Mohamed Sayah, ennemi juré de Ben Ali, vient de rentrer à Tunis. Il pousse Bourguiba à l’intransigeance. « Il faut vous débarrasser des intégristes une fois pour toutes ». Lui est prêt à le faire. S’il est Premier ministre…

Mercredi 4, pendant le Mouled, se noue un complot de sérail. La nièce du Président, Saïda Sassi (qui voit en Ben Ali le seul homme capable de protéger son oncle) prévient le Premier ministre en exercice d’une campagne de rumeurs, menée par Mahmoud Ben Hassine (le « lecteur » du président), est engagée contre lui, comme elle le fut contre ses prédécesseurs limogés. Zine Ben Ali n’a pas été pour rien, depuis dis-sept ans, l’homme de la police, de la sécurité et de l’armée : dès le jeudi 5, la garde est changée au palais, et Mahmoud Ben Hassine est arrêté chez lui.

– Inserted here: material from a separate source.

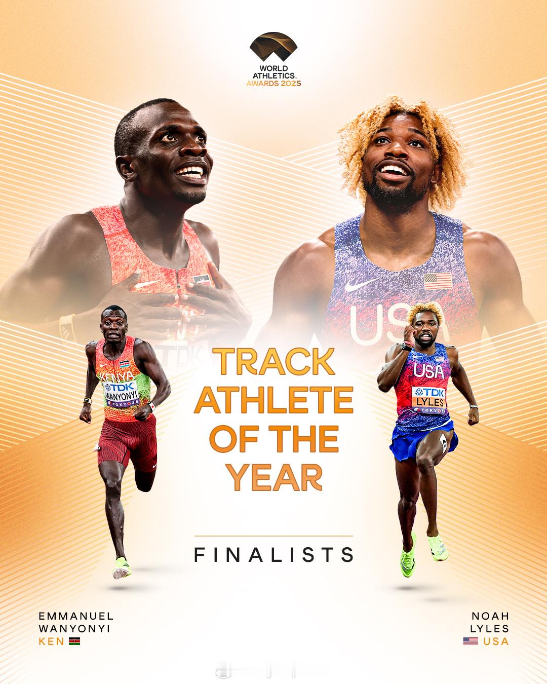 【2025世界田联最佳运动员候选名单】国际体坛动态 11月4日,世界田联公布了2025年最佳运动员候选名单,共有男女各6名运动员从最初的径赛、田赛和场外赛初选名单中脱颖而出。名单如下:

…En fin de matinée, le président et le premier ministre ont une entrevue orageuse. Ben Ali désormais que les heures lui sont comptées. Il sait aussi que le procès ne peut pas, ne doit pas reprendre le lundi 9 novembre. Vendredi après-midi il consulte. Qui ? Des généraux fidèles, sûrement, et au moins un homme politique, membre du comité directeur du parti, Hédi Baccouche – une des meilleures têtes pensantes de la nouvelle génération tunisienne. Décision prise : il faut éliminer le président. La marge de manœuvre est étroite mais elle existe. L’ex-Premier ministre Mohamed Mzali y avait déjà pensé : il suffit de se référer à l’article 57 da la constitution qui prévoit de remplacer le président par son Premier ministre en cas d’«incapacité».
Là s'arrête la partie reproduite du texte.